→ What needs to be done
Exactly retype the lines from the top of the data through the line containing "Angel Necklace-Natural Amethyst, S925", leaving out every picture.

(Entries taken from a collection)
%%
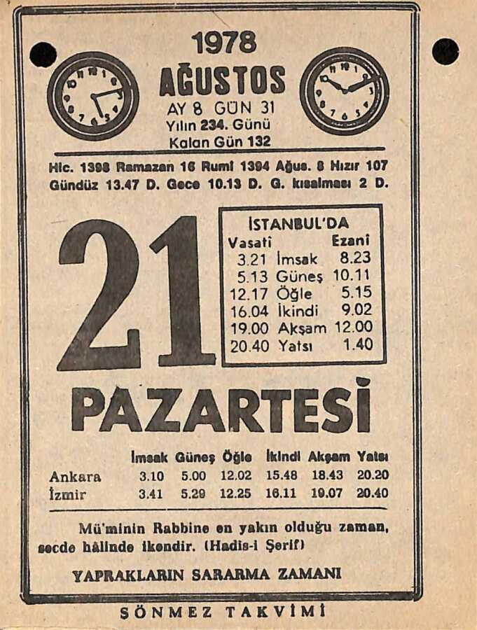 21 Ağustos 1978 Takvim Yaprağı - Doğum Günü Hediyesi EFM(N)9739
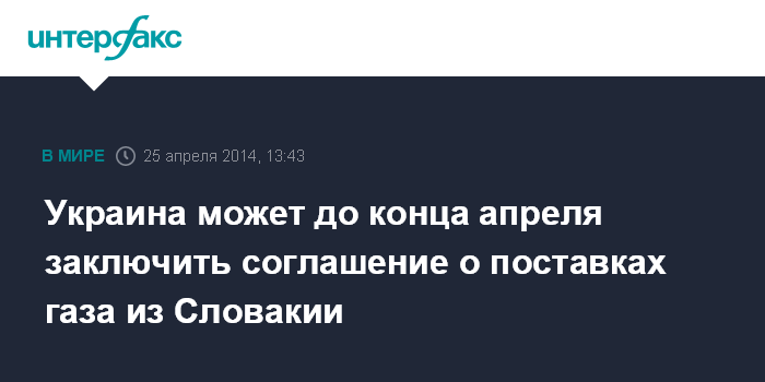 Москва. 25 апреля. INTERFAX.RU - Газотранспортные операторы Украины и Словакии - "Укртрансгаз" и Eustream - могут подписать меморандум о реверсных поставках природного газа 28 апреля.
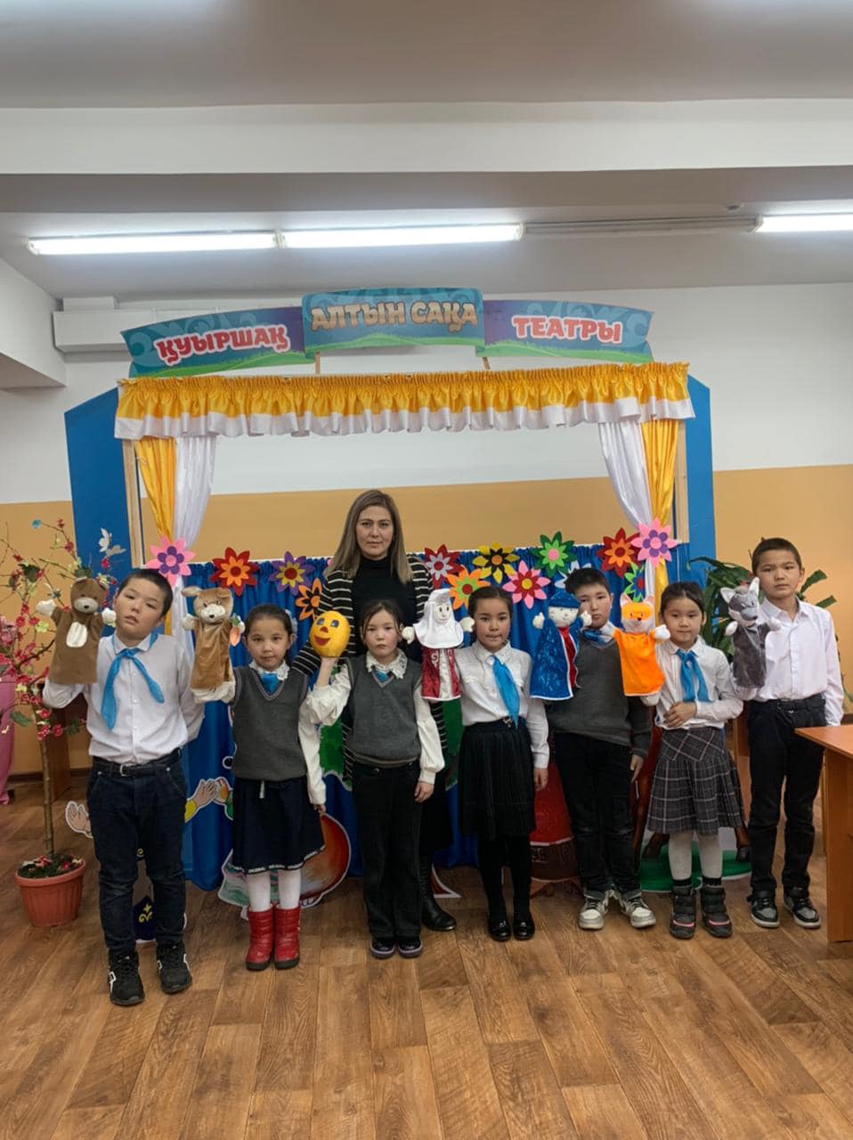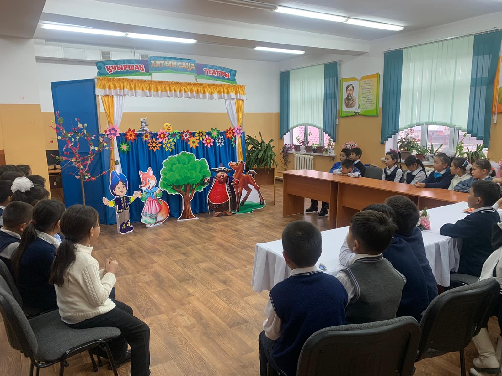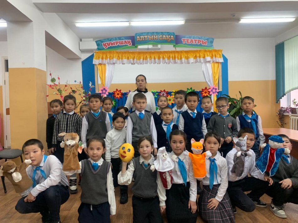 Шымкент қаласы білім басқармасына қарасты №134 жалпы орта білім беретін мектебінде 17.02.2023ж күні 3 “Б”сынып оқушылары орыс халқының “Бауырсақ” ертегі желісінен қысқаша қойылым қойды.
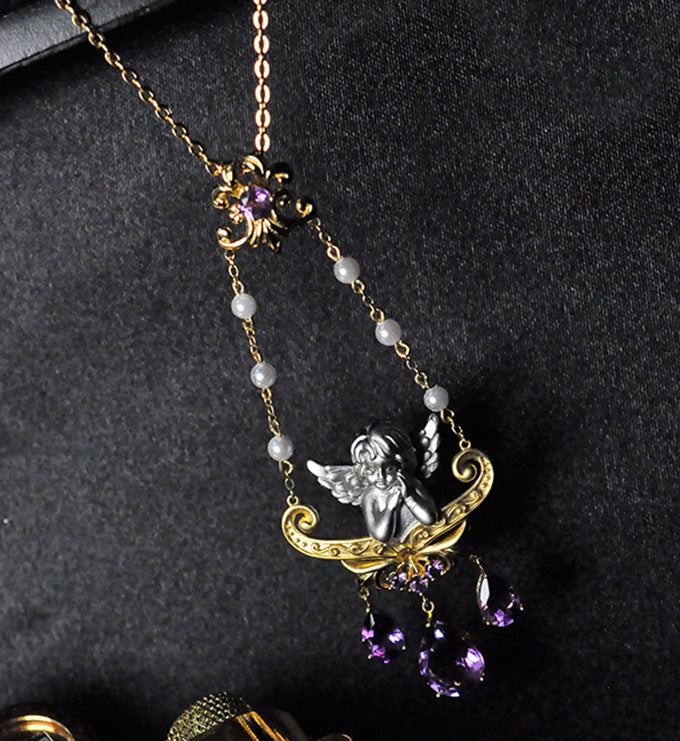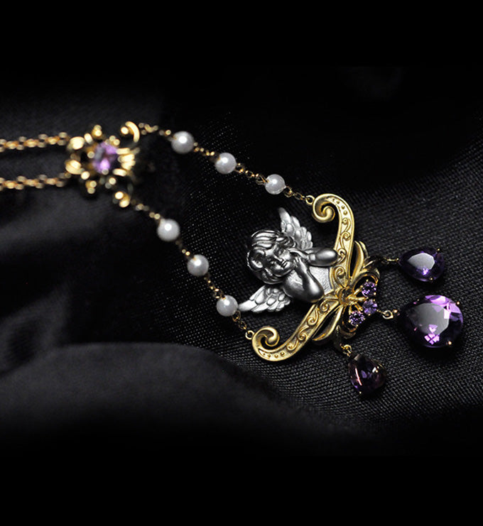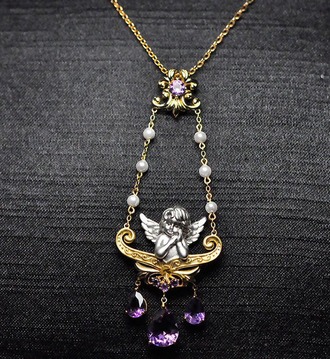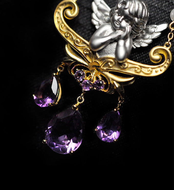 Angel Necklace-Natural Amethyst, S925 Sterling Silver, 18K gold plated ,Handmade High-grade Jewelry.
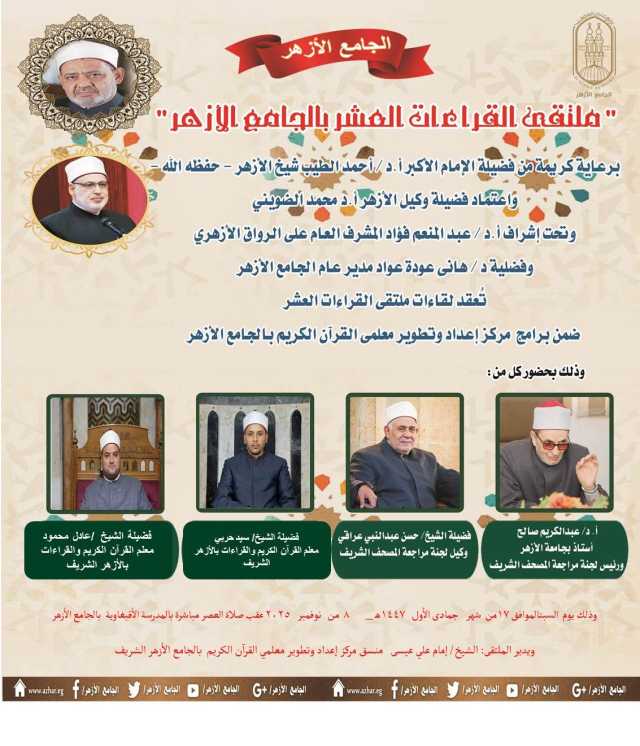 ودعا د. عودة، جميع المهتمين بعلوم القرآن الكريم، سواء كانوا طلابًا أو معلمين أو جمهورًا عامًا، للمشاركة في هذا الملتقى الفريد، حيث يُعتبر هذا الحدث فرصة قيِّمة للتعلم والتفاعل مع كبار المتخصصين في القراءات، مما يعزز من ترسيخ القيم القرآنية في المجتمع.
%%
→ Answer
 21 Ağustos 1978 Takvim Yaprağı - Doğum Günü Hediyesi EFM(N)9739
 Москва. 25 апреля. INTERFAX.RU - Газотранспортные операторы Украины и Словакии - "Укртрансгаз" и Eustream - могут подписать меморандум о реверсных поставках природного газа 28 апреля.
 Шымкент қаласы білім басқармасына қарасты №134 жалпы орта білім беретін мектебінде 17.02.2023ж күні 3 “Б”сынып оқушылары орыс халқының “Бауырсақ” ертегі желісінен қысқаша қойылым қойды.
 Angel Necklace-Natural Amethyst, S925 Sterling Silver, 18K gold plated ,Handmade High-grade Jewelry.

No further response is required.